WHAT THE TASK ASKS: Below is a listing with pictures. Repeat exactly the lines starting at the one holding "-. Title : Sterling" and going on through the one holding "Major new feature: a", and leave every picture out.

EXERCISE DATA:
Start of Block

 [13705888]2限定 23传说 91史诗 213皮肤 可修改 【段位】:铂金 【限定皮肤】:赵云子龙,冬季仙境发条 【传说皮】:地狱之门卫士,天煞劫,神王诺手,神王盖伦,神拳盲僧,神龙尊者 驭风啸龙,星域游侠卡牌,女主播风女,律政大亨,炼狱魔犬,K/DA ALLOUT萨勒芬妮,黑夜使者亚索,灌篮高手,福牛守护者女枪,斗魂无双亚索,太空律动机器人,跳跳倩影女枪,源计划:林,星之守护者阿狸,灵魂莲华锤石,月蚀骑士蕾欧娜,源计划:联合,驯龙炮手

End of Block
Start of Block

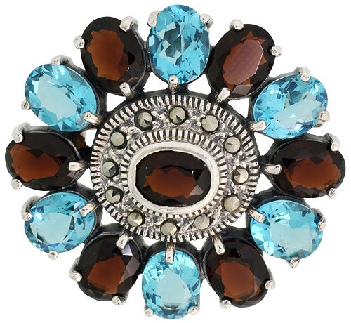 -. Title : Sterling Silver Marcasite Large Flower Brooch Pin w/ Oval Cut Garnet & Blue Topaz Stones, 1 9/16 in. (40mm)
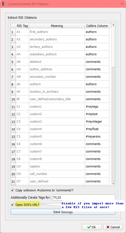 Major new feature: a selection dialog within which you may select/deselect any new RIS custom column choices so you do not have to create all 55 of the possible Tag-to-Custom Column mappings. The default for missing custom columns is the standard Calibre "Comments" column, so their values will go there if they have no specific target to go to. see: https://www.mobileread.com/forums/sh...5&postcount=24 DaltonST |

End of Block
Start of Block

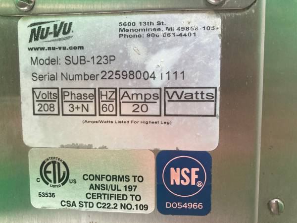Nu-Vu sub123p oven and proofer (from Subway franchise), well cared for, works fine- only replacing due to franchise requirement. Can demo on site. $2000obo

End of Block

SOLUTION BELOW:
 -. Title : Sterling Silver Marcasite Large Flower Brooch Pin w/ Oval Cut Garnet & Blue Topaz Stones, 1 9/16 in. (40mm)
 Major new feature: a selection dialog within which you may select/deselect any new RIS custom column choices so you do not have to create all 55 of the possible Tag-to-Custom Column mappings. The default for missing custom columns is the standard Calibre "Comments" column, so their values will go there if they have no specific target to go to. see: https://www.mobileread.com/forums/sh...5&postcount=24 DaltonST |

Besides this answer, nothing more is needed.